Die EU erwägt eine neue Runde von Sanktionen gegen Russland als Vergeltung für die jüngste Welle von Angriffen auf die zivile Infrastruktur in der Ukraine und erwägt Sanktionen gegen rund 200 Personen, darunter hochrangige Persönlichkeiten aus Militär und Politik, sowie eine Ausweitung der Beschränkungen für den russischen Finanzsektor und die russischen Exporte.

In einer Botschaft in den sozialen Medien kündigte der Hohe Vertreter der EU für Außenpolitik, Josep Borrell, den Vorschlag für ein neuntes Sanktionspaket als Reaktion auf Russlands Angriffe auf zivile Infrastrukturen in der Ukraine in den letzten Wochen an. «Der russische Präsident Wladimir Putin eskaliert den Krieg gegen die Ukraine, er hat bereits Hunger und Lebensmittel als Kriegswaffe eingesetzt und will nun den Winter einsetzen, indem er die Ukrainer im Dunkeln sitzen lässt und sie erfrieren lässt», prangerte der Chef der europäischen Diplomatie an und kritisierte die «unmenschlichen Angriffe» auf die ukrainische Infrastruktur.

Der Vorschlag, den die Präsidentin der Europäischen Kommission, Ursula von der Leyen, in einem separaten Video erläuterte, sieht vor, die Liste der sanktionierten Personen um fast 200 Personen und Organisationen zu erweitern, darunter auch die russischen Streitkräfte.
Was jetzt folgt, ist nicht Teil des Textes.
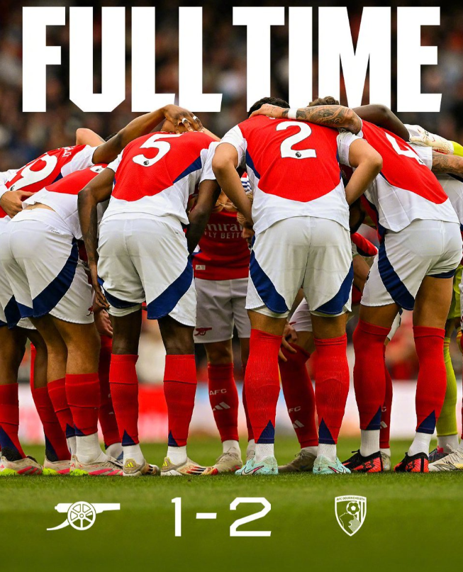 英超第35轮,阿森纳主场1-2不敌伯恩茅斯,遭遇赛季双杀。上半场赖斯破门帮助枪手领先,但下半场赫伊森和埃万尼尔松连入两球完成逆转。
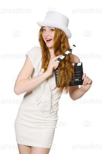 Молодая женщина с кинохлопушкой

Zu den Personen gehören Minister, Gouverneure, Führer russischer politischer Parteien und Vertreter der Duma.

Die Sanktionen zielen auf die Verantwortlichen für Raketenangriffe auf zivile Ziele sowie auf andere Kriegsverbrechen wie die Entführung ukrainischer Kinder nach Russland und den Diebstahl ukrainischer Agrarprodukte, sagte von der Leyen.
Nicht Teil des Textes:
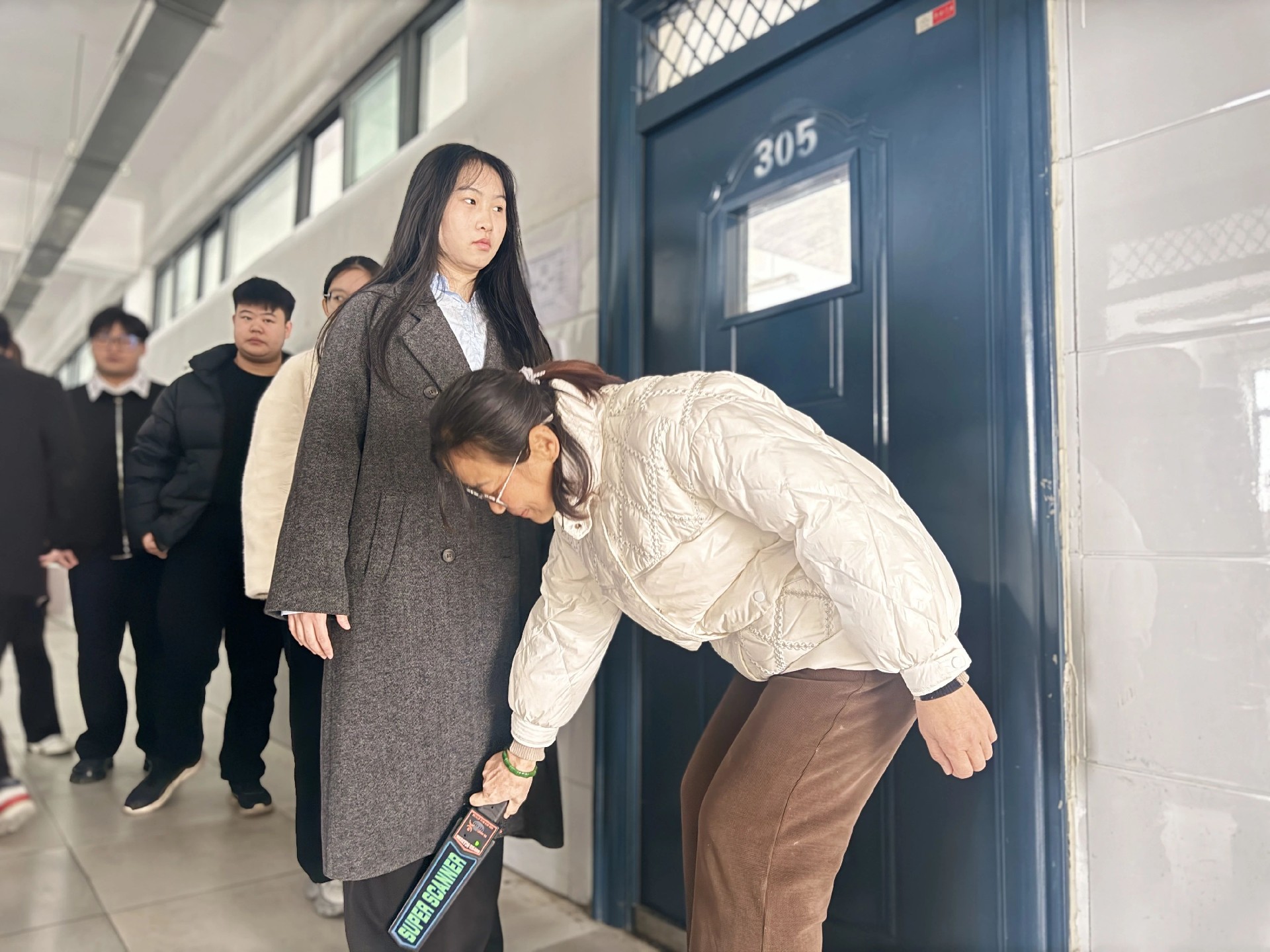考試前夕,組織開展模擬演練。在演練中,同學(xué)們積極配合,按照入場秩序,使用金屬探測儀按照從正面至背面、從上到下的順序進行詳細(xì)檢測,保證"人人過關(guān)",確保"無聲"通過。對于演練過程中發(fā)現(xiàn)的不合格現(xiàn)象,老師及時給予提醒糾正。

In diesem Sinne schlägt die EU vor, Moskau den Zugang zu Drohnen und anderen unbemannten Waffen zu verwehren, die gegen die Zivilbevölkerung in der Ukraine eingesetzt werden könnten, und ein Verbot von Direktexporten nach Russland und Exporten in Drittländer wie den Iran zu verhängen, der Material geliefert hat, das Russland gegen das Nachbarland einsetzt. Weitere Wirtschaftsmaßnahmen dieses neunten Pakets betreffen den Bergbausektor, einschließlich eines Vetos gegen Bergbauinvestitionen in Russland.

Auf der Finanzseite zielt das Paket auf eine Verschärfung der Maßnahmen gegen russische Banken ab, indem drei weitere Unternehmen aus dem SWIFT-Transaktionssystem ausgeschlossen und Transaktionen der Russischen Bank für regionale Entwicklung verboten werden. Um die russische Propaganda zu bekämpfen, wird die EU die Ausstrahlung von vier weiteren Sendern in Europa aussetzen, nachdem bereits Russia Today und Sputnik eingestellt wurden.

Diplomatische Quellen erklärten gegenüber Europa Press, dass die erste Debatte über die neue Runde von Sanktionen am Freitag auf der Ebene der Botschafter der EU-27 stattfinden wird und sie hoffen, eine Einigung vor dem Gipfel der EU-Staats- und Regierungschefs am 15. Dezember in Brüssel zu erzielen.

Die Hohe Vertreterin verteidigte das neunte Sanktionspaket gegen Russland als «einen weiteren sehr greifbaren Beweis für die Entschlossenheit des Handelns zur Unterstützung der Ukraine». «Wir werden den Druck auf Russland weiter erhöhen, und zwar so lange, wie es nötig ist», betonte er.